We can also use biological controls (e.g. worms and mites) which attack the eggs/larvae of the pest. These have been used on occasion in the glasshouse where we raise our seedlings.

Increasing bio diversity can also help – encouraging birds and frogs to your garden may significantly reduce slugs and crawlies and ladybirds are great for aphids.

I am currently watching the aphids in the cucumber polytunnel slowly be removed by the ladybirds and other predators – I am sure that the insect hotel has helped!! Do pop in for a looksee as it is real David Attenburgh stuff!

The other option for slugs, snails and caterpillars is direct action – picking them off one by one – with slugs this means in the dark with a torch for the serious gardeners!

But for those of you who can’t bear the nightly ritual of squashing the caterpillars on your brassicas my sister has a magical solution to ridding this pest… I wonder if this works for slugs too??

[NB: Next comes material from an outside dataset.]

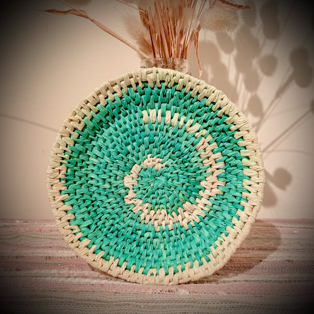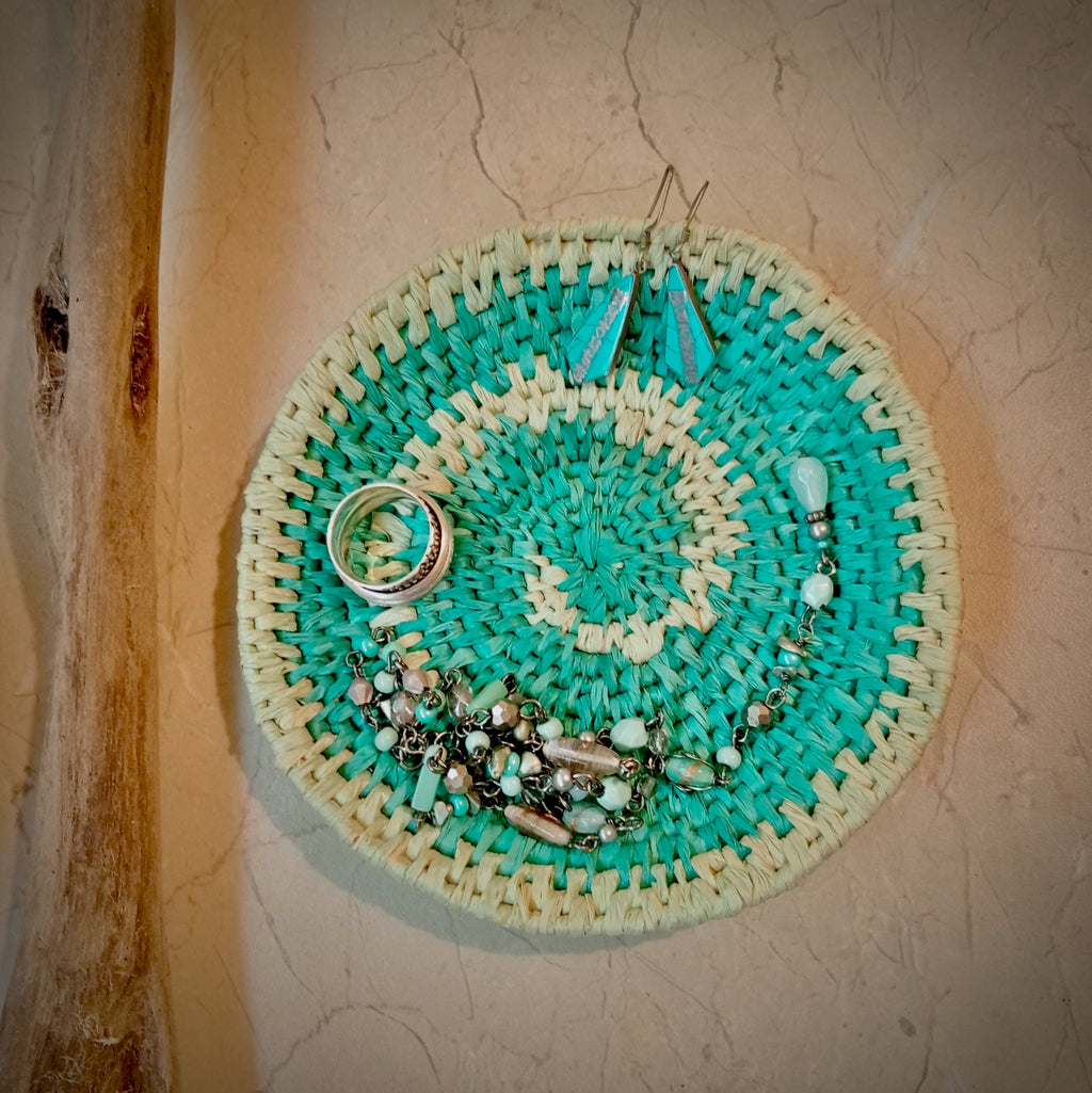 Sweet little trinket dish woven from sustainable Madagascan raffia. This one is a gorgeous turquoise with a pale green swirl woven into it.
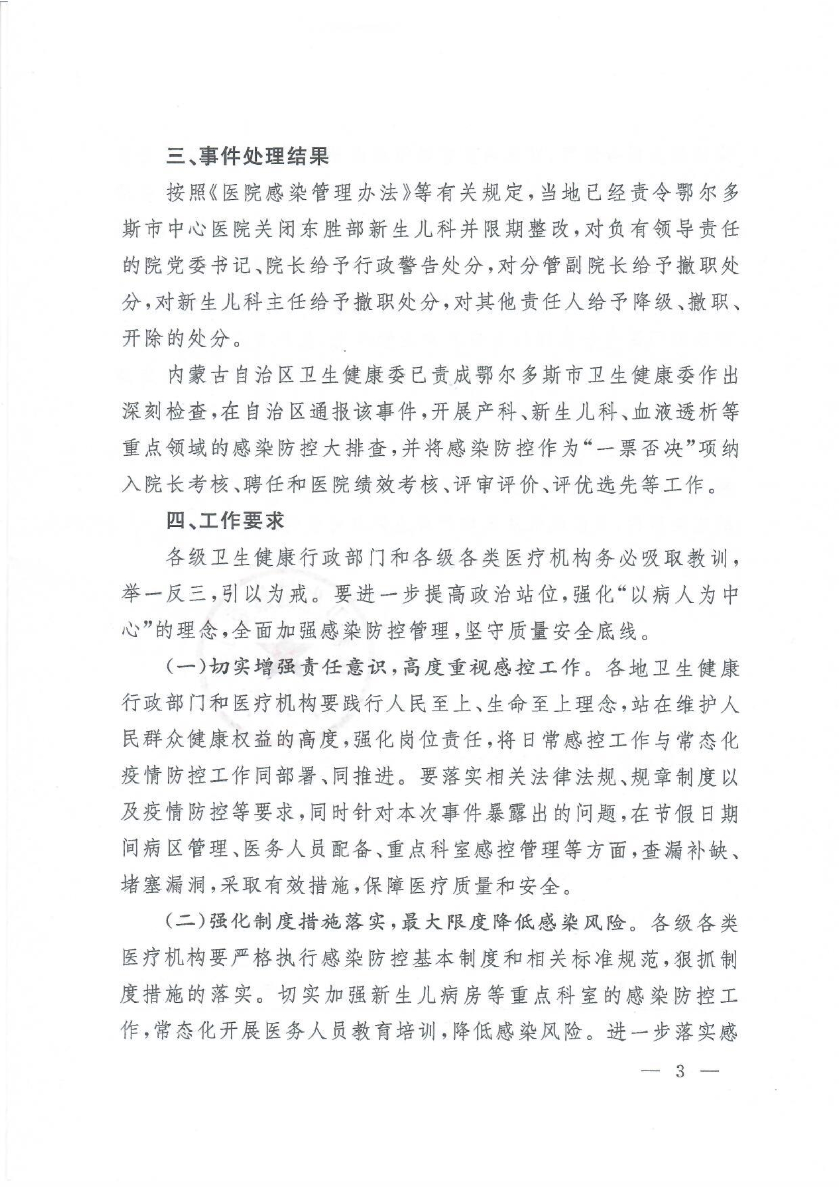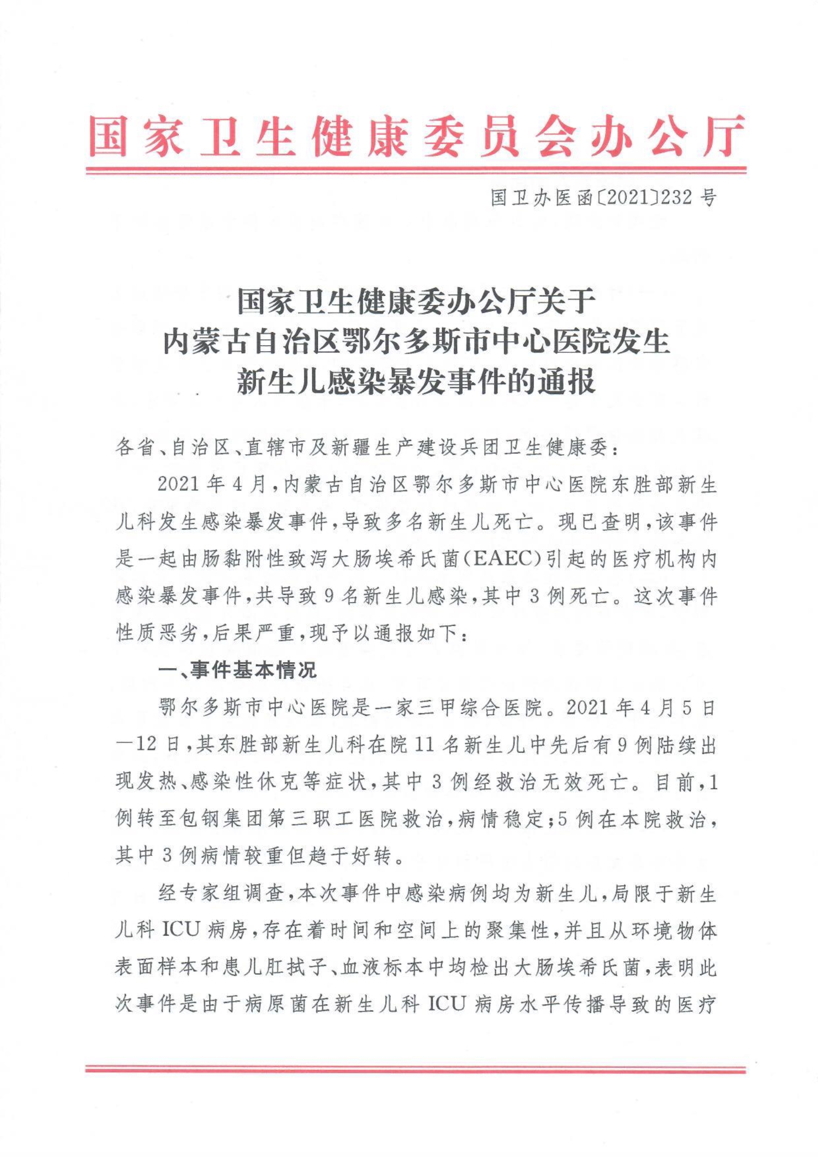 该通报称,2021年4月,内蒙古自治区鄂尔多斯市中心医院东胜部新生儿科发生感染暴发事件,导致多名新生儿死亡。现已查明,该事件是一起由肠黏附性致泻大肠埃希氏菌(EAEC)引起的医疗机构内感染暴发事件,共导致9名新生儿感染,其中3例死亡。这次事件性质恶劣,后果严重。通报全文如下:

Do caterpillars make good pets?

Having read the great leaflet ‘50 things to do before you are eleven and three quarters’ ( I realised that at the grand old age of 37 and three quarters I had never raised a butterfly from a caterpillar.  So my four year old daughter and I decided we would adopt a new pet.

As a busy (and lazy) gardener I saw many advantages to such a pet:

– Easy and cheap to get hold of, a quick trip down the veg patch and hey presto you have a new pet!

– One less caterpillar eating my brassicas

– It doesn’t make a mess in the kitchen like a dog

– It doesn’t make a mess in the vegetables like a cat

– If for some unforeseen reason the caterpillar doesn’t make it is easily replaced by another identical pet without any awkward conversations with above four year old

So we set up a plastic box, carefully made enough air vents, lined with damp sand and placed in some brassica leaves supported in water to keep them fresh.  So far so good, however some disadvantages soon became apparent:

– Far from eating less brassicas I was protecting the caterpillar from birds whilst allowing it to munch in luxury on brassicas I had hand picked

– As pets, caterpillars don’t really do a lot and my four year old has already lost interest

Then this morning disaster struck when I found the caterpillar had inadvertently fallen into the water and drowned.  Never mind I thought – a quick trip down the veg patch and I can pick up a new one.  Suddenly the Law of Sod struck, for the first time there is not a single caterpillar on my purple sprouting!  Now I am wondering where I can get a caterpillar from before my daughter regains interest and can’t be persuaded that the original pet is ‘just sleeping’.

On the plus side the vegetables are doing nicely!